Thursday, June 29, 2017

"The night is for the dead"

Hilary Mantel on why she became a historical novelist (this is A Place of Greater Safety, her novel of Robespierre, which I remember reading at the recommendation of my brilliant teacher Simon Schama circa 1993):
I wasn’t after quick results. I was prepared to look at all the material I could find, even though I knew it would take years, but what I wasn’t prepared for were the gaps, the erasures, the silences where there should have been evidence.

These erasures and silences made me into a novelist, but at first I found them simply disconcerting. I didn’t like making things up, which put me at a disadvantage. In the end I scrambled through to an interim position that satisfied me. I would make up a man’s inner torments, but not, for instance, the colour of his drawing room wallpaper.

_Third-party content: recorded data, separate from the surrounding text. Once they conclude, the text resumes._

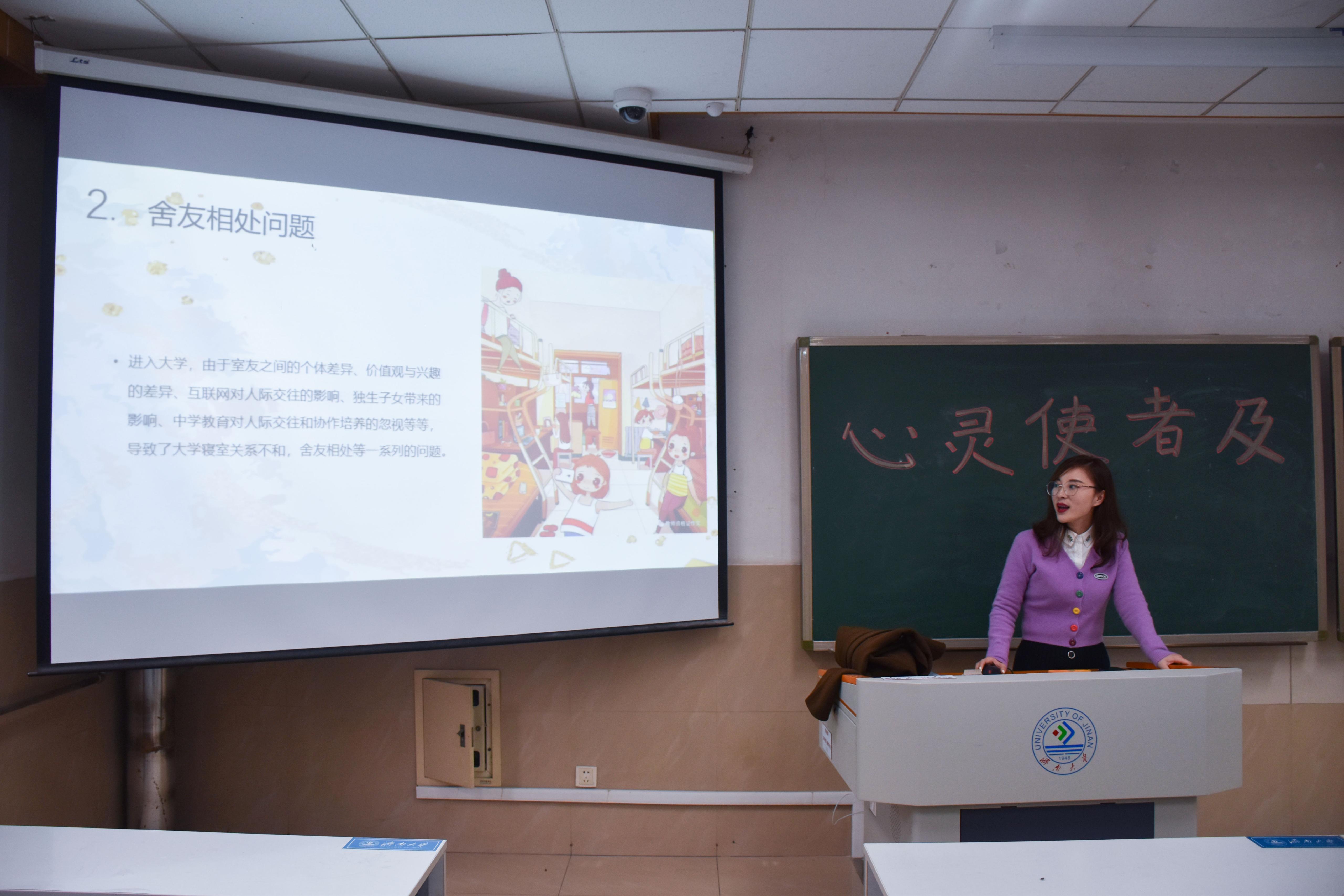 赵丽丽老师为心灵使者、联络员们进行培训,内容为心灵使者详解及心理协会的主要工作、心理健康的重要性、老员工常见心理问题、老员工活指南四部分。培训会上,赵老师生动地阐释了关于心理健康的知识,强调心灵使者们应当从自身出发,保持良好的心理健康,善于观察周围的环境,多与同学们沟通,才能更好地为同学们服务。同时在场的心灵使者、联络员们积极发表自己对心理健康的观点,与老师进行深入的沟通。最后,赵老师表达了对心灵使者、联络员们未来工作的期许,希望同学们拥有轻松愉悦的老员工活。活动在欢乐活跃的氛围中圆满结束。
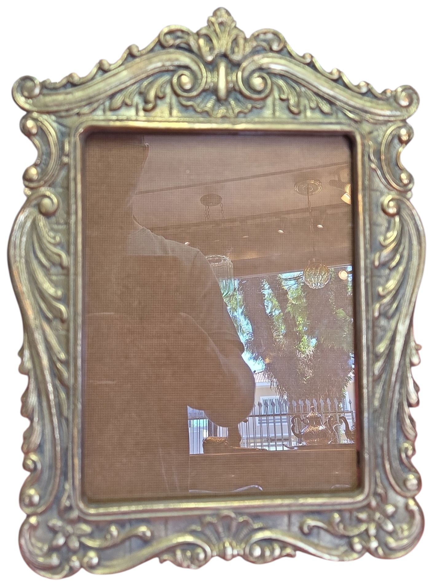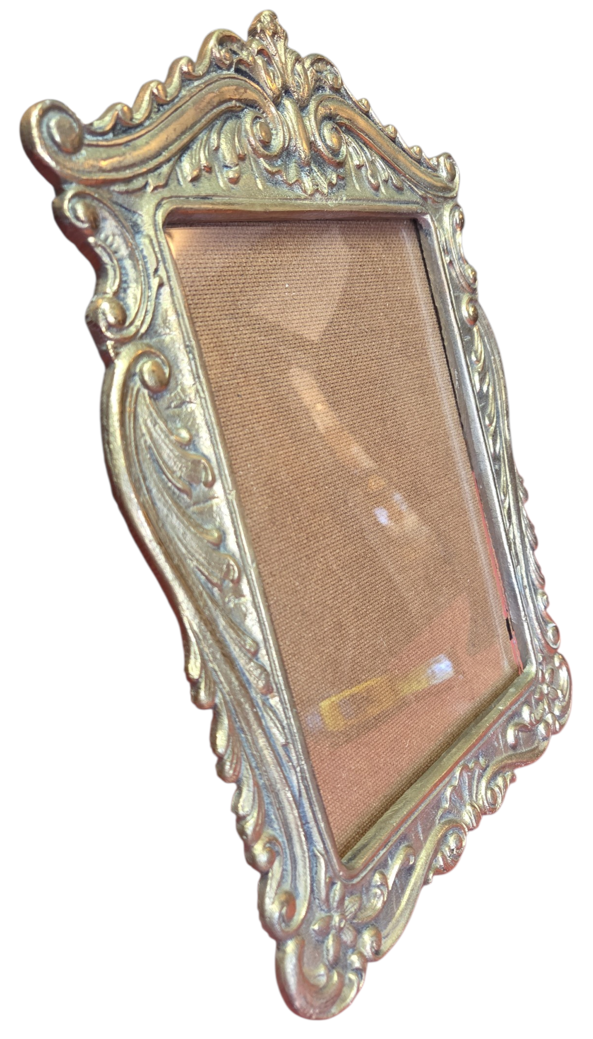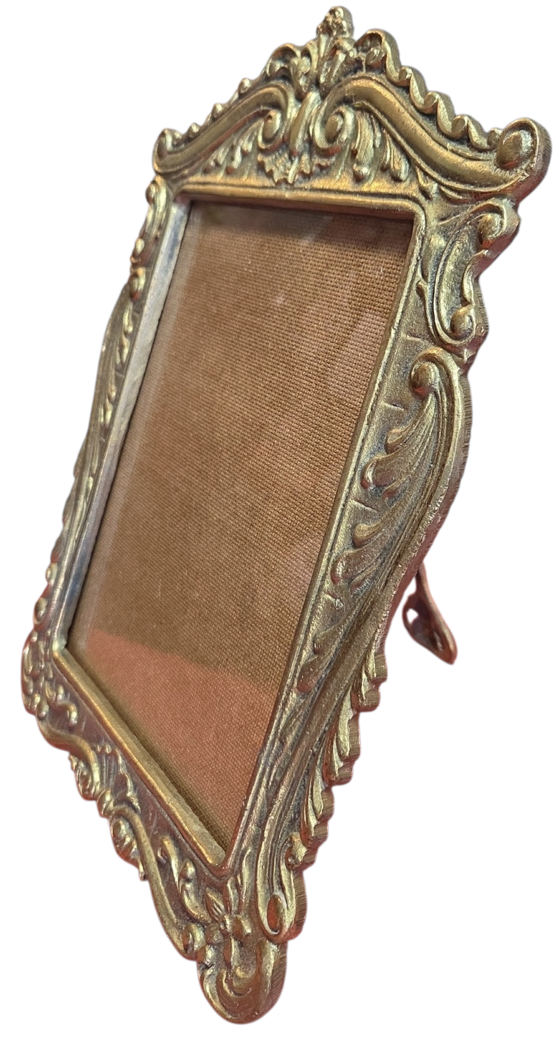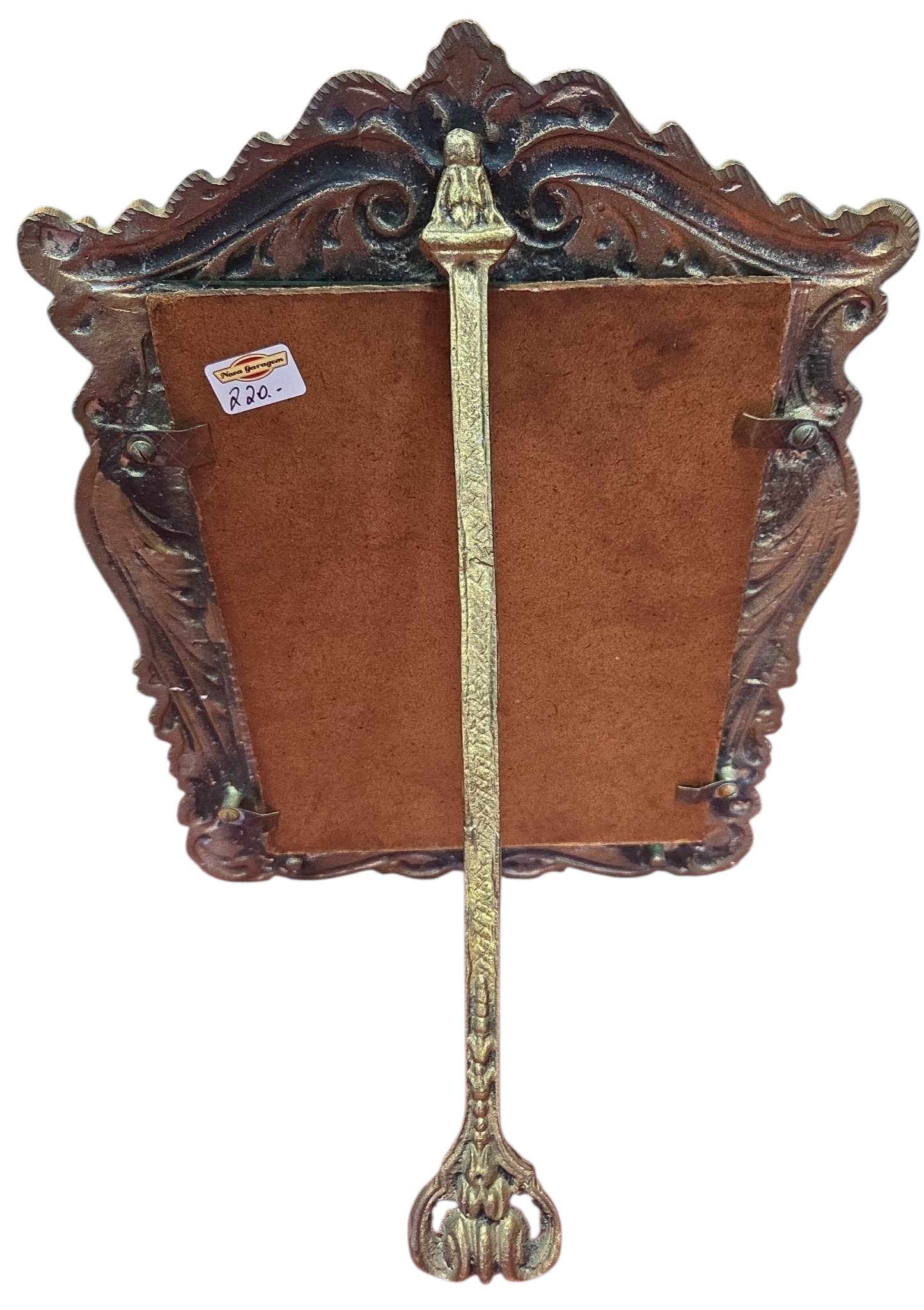 Belíssimo porta-retrato vertical confeccionado em bronze de alta qualidade. Esta peça apresenta um trabalho de fundição detalhado com ornamentos clássicos, ideal para compor decorações sofisticadas ou ambientes que prezam pelo estilo vintage.
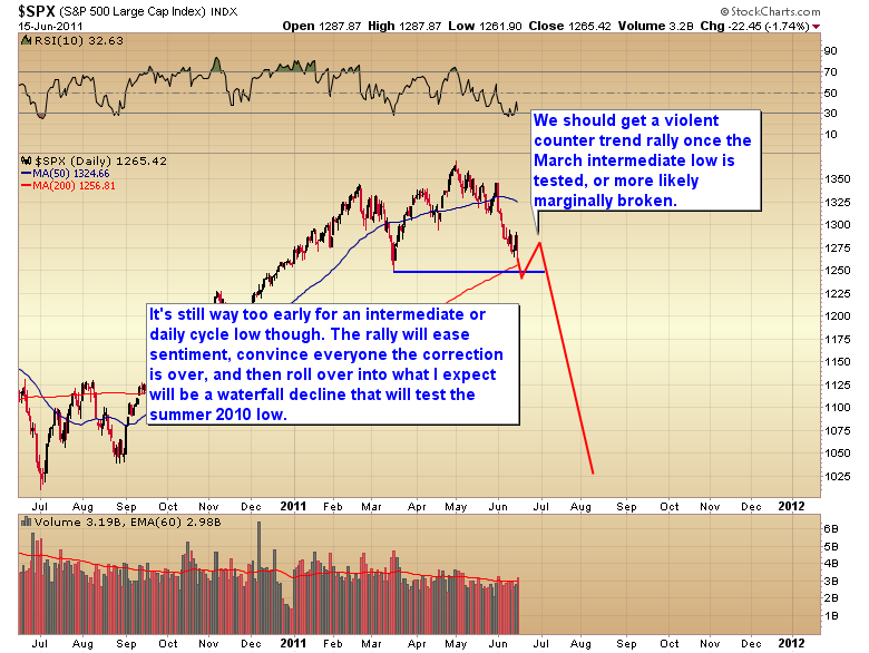 Here is what I expect to happen over the next two months. We should soon test the 1249 intermediate cycle low. Actually I think we will probably marginally break below that level. As most of you probably know by now breakdowns and breakouts almost always fail to follow through. So I expect we will see a violent counter trend rally once the March low is penetrated. That should wipe out all the technicians who sell into the breakdown.
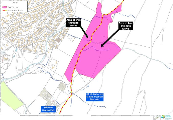 Machinery will be working to remove selected trees then stack these close to the road verge. Upon completion, haulage lorries will be operating in both directions on the Mourne Way to remove the harvested timber.
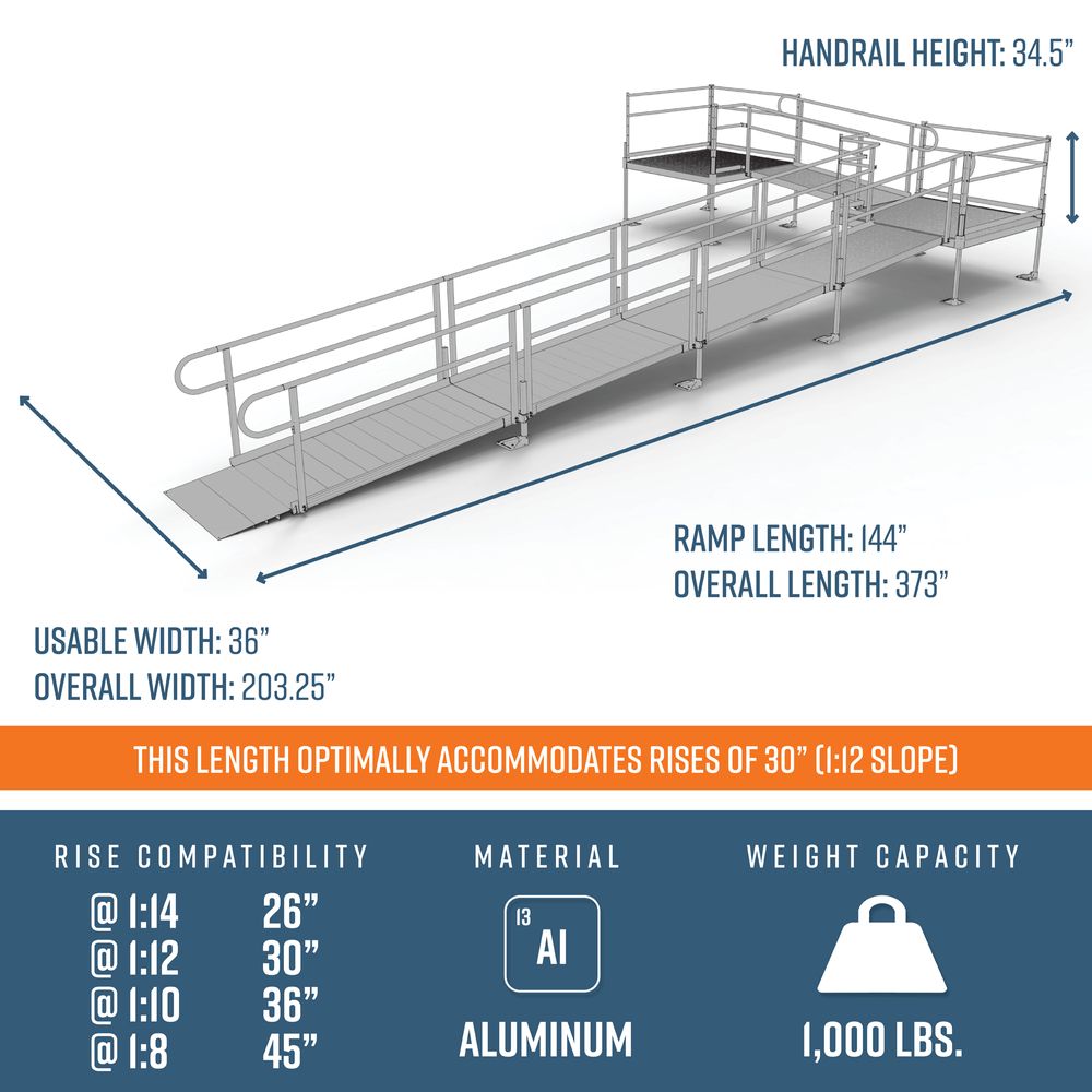 - Includes: Five 6' ramps, one 5' x 5' top platform, one 5' x 5' turn platform, handrails, and all other necessary components
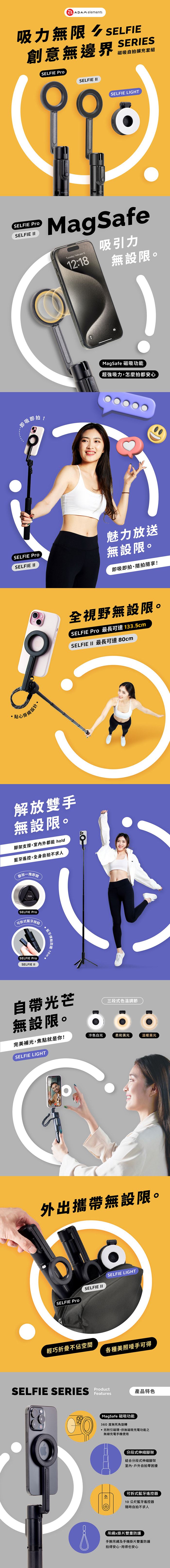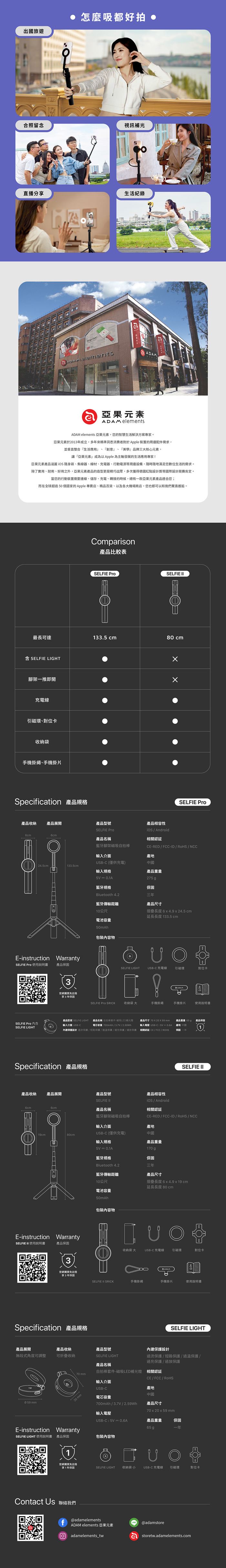 | 內容物 | 自拍棒、USB-C充電線、引磁環、對位卡、收納袋、手機掛繩、手機掛片、使用說明書 |
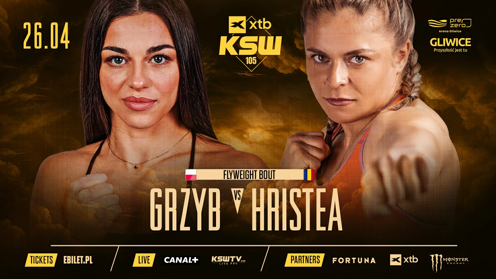 Już 26 kwietnia podczas gali XTB KSW 105 w Gliwicach w okrągłej klatce zadebiutuje Laura Grzyb (0-0), niepokonana pięściarska mistrzyni Europy. Przeciwniczką Polki będzie utalentowana zawodniczka z Rumunii, Gabriela Hristea (3-0). Starcie stoczone zostanie w limicie kategorii muszej, a dojdzie do niego w PreZero Arenie Gliwice.
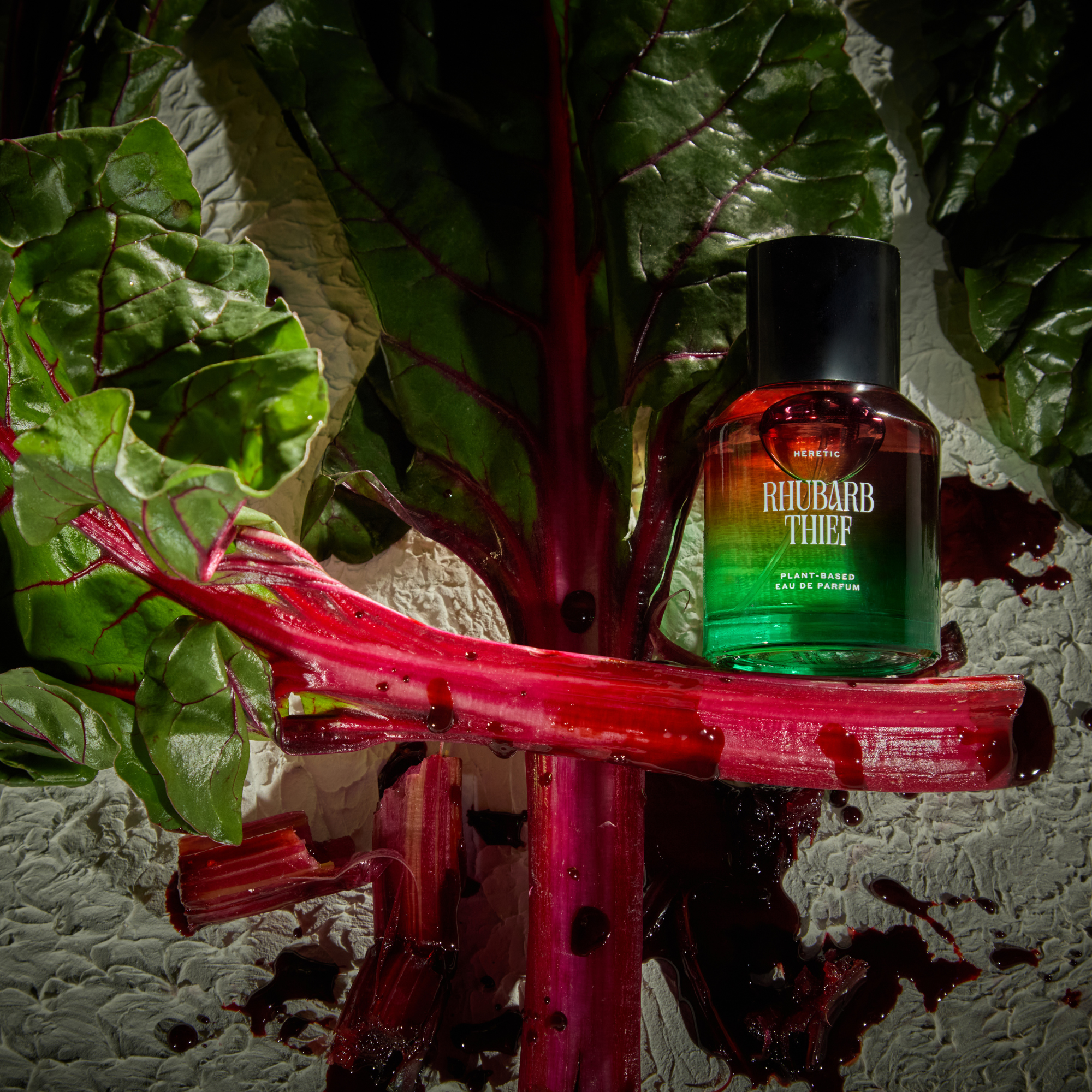 The incredible visuals and campaign aside… we think this fragrance is a masterpiece. It’s fresh and energetic, but still maintains that core Heretic DNA of grounded, sexy earthiness in the base. If you were a fan of the original Dirty Grapefruit by Heretic, Rhubarb Thief is like the earthier, slightly more complex version. Because of its brightness and vibrancy, this fragrance has a sense of fun and cheekiness about it – like the olfactory version of a wink.
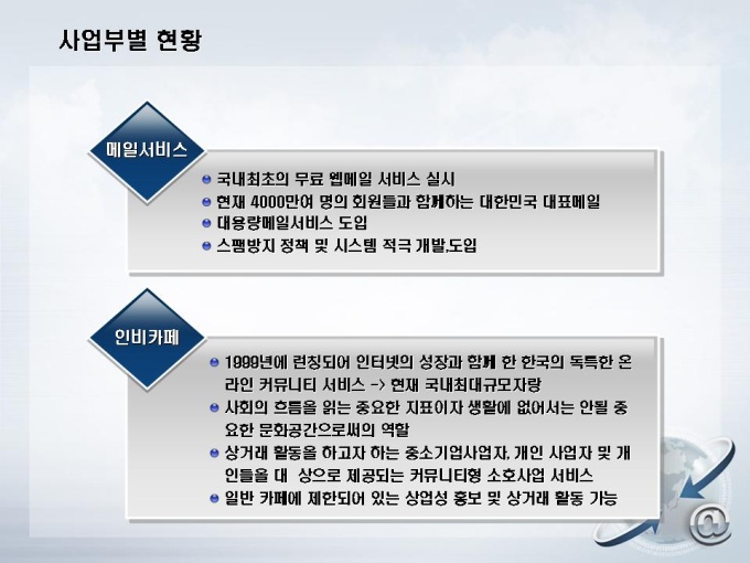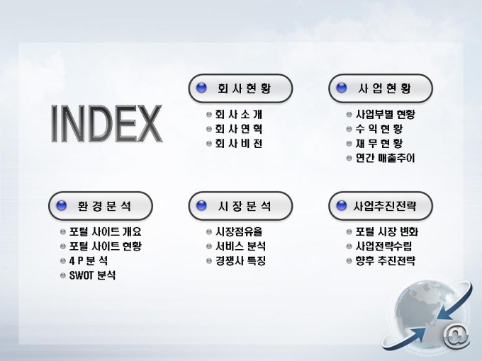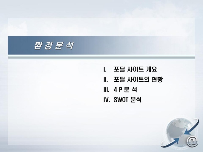 포털사이트의 사업계획서입니다. 목차는 크게 1.회사현황 2.사업현황 3.환경분석 4.시장분석 5.사업추진전략으로 구성되어 있습니다.

Because his thoughts can only be conjectured. Even if he was a diarist or a confessional writer, he might be self-censoring. But the wallpaper – someone, somewhere, might know the pattern and colour, and if I kept on pursuing it I might find out. Then – when my character comes home weary from a 24-hour debate in the National Convention and hurls his dispatch case into a corner, I would be able to look around at the room, through his eyes. When my book eventually came out, after many years, one snide critic – who was putting me in my place, as a woman writing about men doing serious politics – complained there was a lot in it about wallpaper. Believe me, I thought, hand on heart, that there was not nearly enough.

1 comment:

  1. The entire series of Mantel's Reith Lectures is well worth listening to. To those who may find her voice a touch off-putting, don't let it bother you: the substance is excellent.